Linear Algebra Symbol API of MXNet.

mxnet.symbol.linalg.extractdiag(A=None, offset=_Null, name=None, attr=None, out=None, **kwargs)¶

Extracts the diagonal entries of a square matrix. Input is a tensor A of dimension n >= 2.

If n=2, then A represents a single square matrix which diagonal elements get extracted as a 1-dimensional tensor.
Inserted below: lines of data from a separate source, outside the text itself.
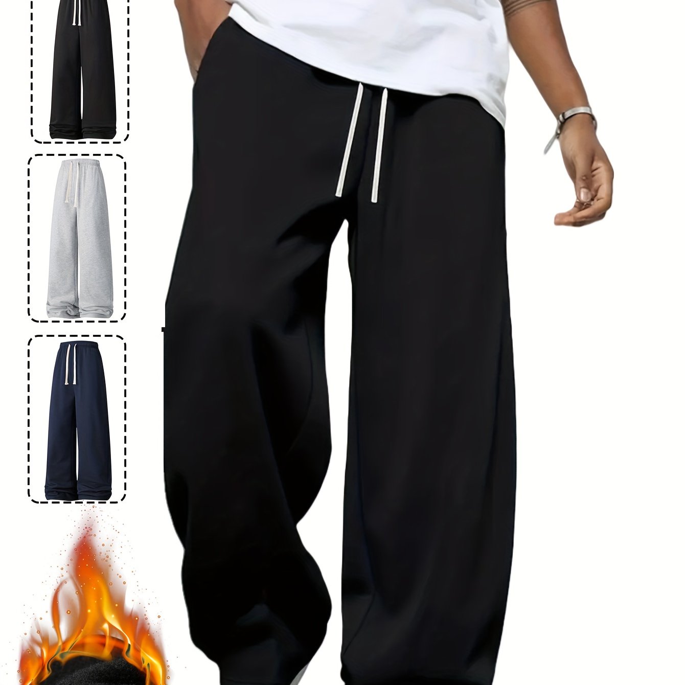 TEMU 남성용 겨울 안감 바지 1개, 루즈한 핏 & 중간 허리 주머니 - 추운 날씨에 적합한 따뜻한 캐주얼 바지, 기계 세탁 가능 (블랙/그레이/블루)|냉장고바지|남자바지|바지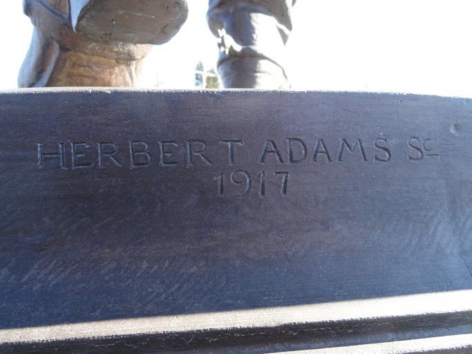 | Keywords: Loammi Baldwin by Herbert Adams, sculptor name - DSC04126.JPG en Loammi Baldwin memorial by Herbert Adams 1858-1945 Woburn Massachusetts USA This statue was created in 1917 and hence is now in the public domain According to the Smithsonian Institution's SIRIS system On bottom rear of sculpture near base HERBERT ADAMS SC/1917 Marked bottom left edge rear of base CAST BY/ROMAN BRONZE WORKS N Y On bronze plaque on front of base in raised letters LOAMMI BALDWIN/PATRIOT/PUBLIC OFFICIAL/BORN JANUARY 21 1745 N S /IN NORTH WOBURN/MASSACHUSETTS/DIED OCTOBER 20 1807 On bronze plaque on east side of base ONE OF THE PROPRIETORS/AND/A PRINCIPAL CONSTRUCTOR/OF THE MIDDLESEX CANAL/A MEMBER OF/THE COMMITTEE TO SIGN/THE PAPER MONEY OF/MASSACHUSETTS BAY COLONY/FIRST SHERIFF OF/MIDDLESEX COUNTY/UNDER THE STATE CONSTITUTION/A LEADER OF AFFAIRS/IN WOBURN On bronze plaque on west side of base A PARTICIPANT WITH THE/RANK OF MAJOR/IN THE BATTLES OF/LEXINGTON AND CONCORD/A COLONEL OF/THE 26TH REGIMENT OF/THE CONTINENTAL ARMY/WITH GENERAL WASHINGTON/DURING THE OCCUPATION/OF NEW YORK/AND IN THE BATTLE/OF TRENTON On bronze plaque on base of base BALDWIN APPLE/DISSEMINATOR OF THE APPLE/IN HONOR OF HIM CALLED/THE BALDWIN/WHICH PROCEEDED FROM A TREE/ORIGINALLY GROWING WILD/ABOUT TWO MILES NORTH/OF THIS MONUMENT signed Founder's mark appears 2012-02-12 own Daderot cc-zero Uploaded with UploadWizard Loammi Baldwin by Herbert Adams |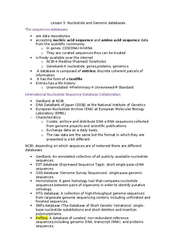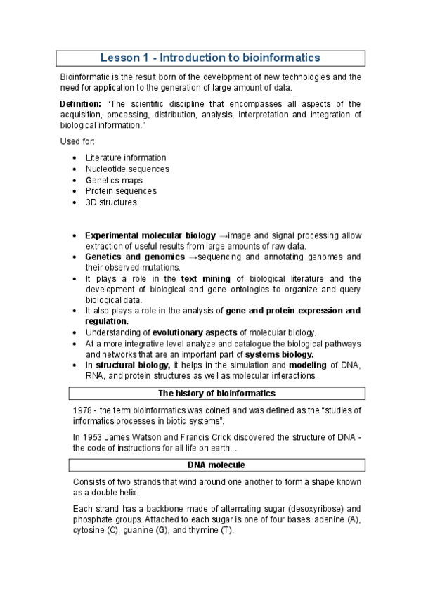 Bioinformatics Notes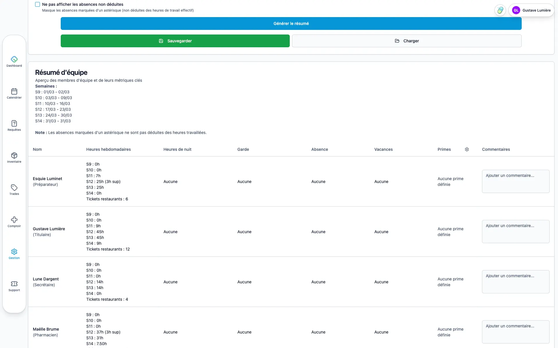 Fini les feuilles Excel et les messages WhatsApp. FlowPharm centralise tous les horaires, congés et changements de dernière minute dans une interface unique, conçue spécifiquement pour les contraintes de l'officine.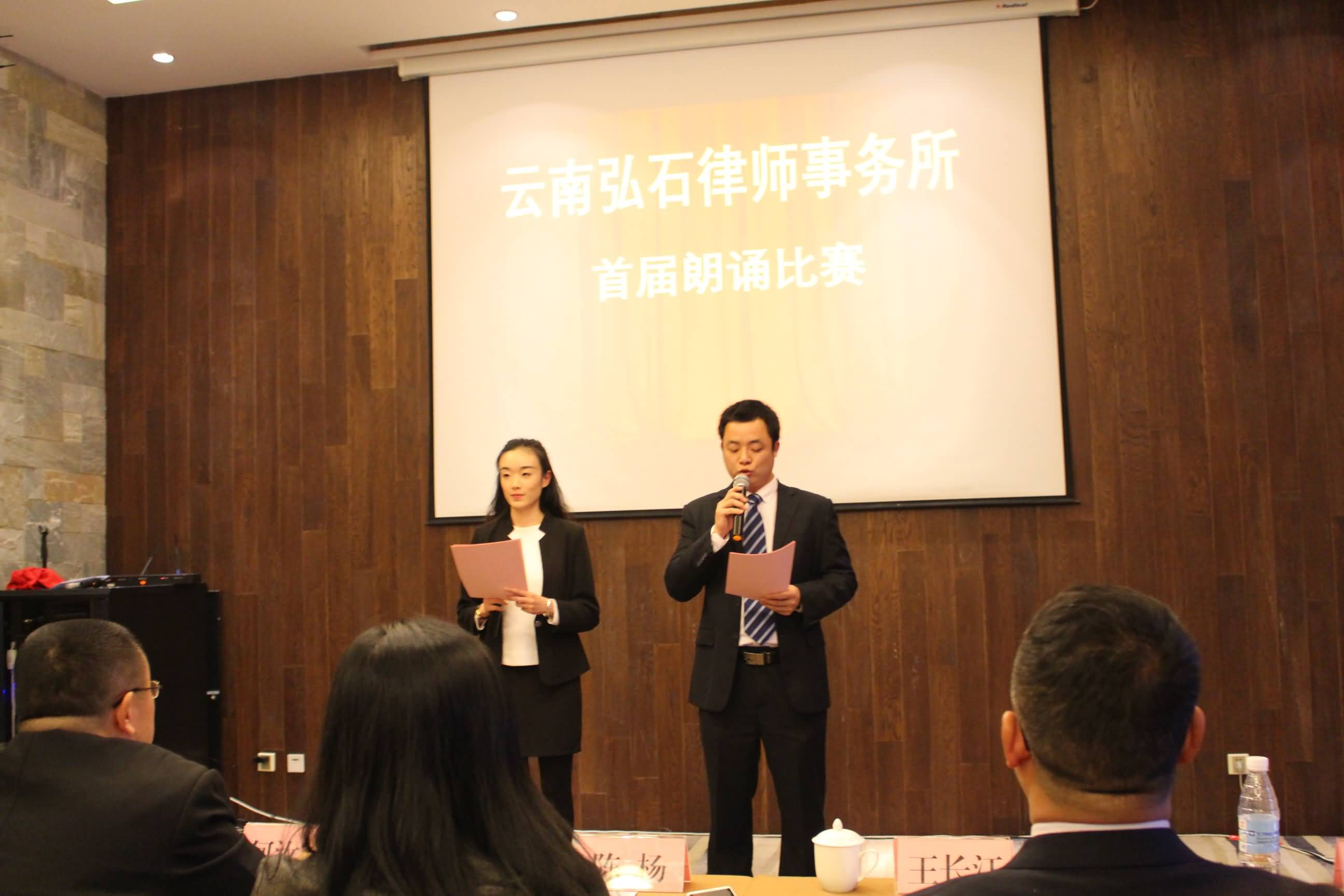 会议的第二阶段,为进一步加深成员间的了解,2016年新加入我所的9名新人分别上台进行了自我介绍。会议的第三阶段,也是我所全新开展的一项活动——“云南弘石律师事务所首届朗诵比赛”,本次比赛共计二十余人报名参与,选手们的精彩表现赢得阵阵掌声,为我们呈现了一场令人回味无穷的视听盛宴。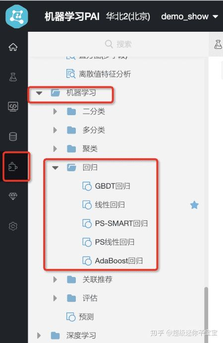 在组件栏发现有好多回归算法可以选择。

If n>2, then A represents a batch of square matrices on the trailing two dimensions. The extracted diagonals are returned as an n-1-dimensional tensor.

Note

The operator supports float32 and float64 data types only.

Examples:

// Single matrix diagonal extraction
A = [[1.0, 2.0],
     [3.0, 4.0]]

extractdiag(A) = [1.0, 4.0]

extractdiag(A, 1) = [2.0]

// Batch matrix diagonal extraction
A = [[[1.0, 2.0],
      [3.0, 4.0]],
     [[5.0, 6.0],
      [7.0, 8.0]]]

extractdiag(A) = [[1.0, 4.0],
                  [5.0, 8.0]]

Defined in src/operator/tensor/la_op.cc:L495

Parameters:	A (Symbol) – Tensor of square matrices offset (int, optional, default='0') – Offset of the diagonal versus the main diagonal. 0 corresponds to the main diagonal, a negative/positive value to diagonals below/above the main diagonal. name (string, optional.) – Name of the resulting symbol.
Returns:	The result symbol.
Return type:	Symbol

mxnet.symbol.linalg.extracttrian(A=None, offset=_Null, lower=_Null, name=None, attr=None, out=None, **kwargs)¶

Extracts a triangular sub-matrix from a square matrix. Input is a tensor A of dimension n >= 2.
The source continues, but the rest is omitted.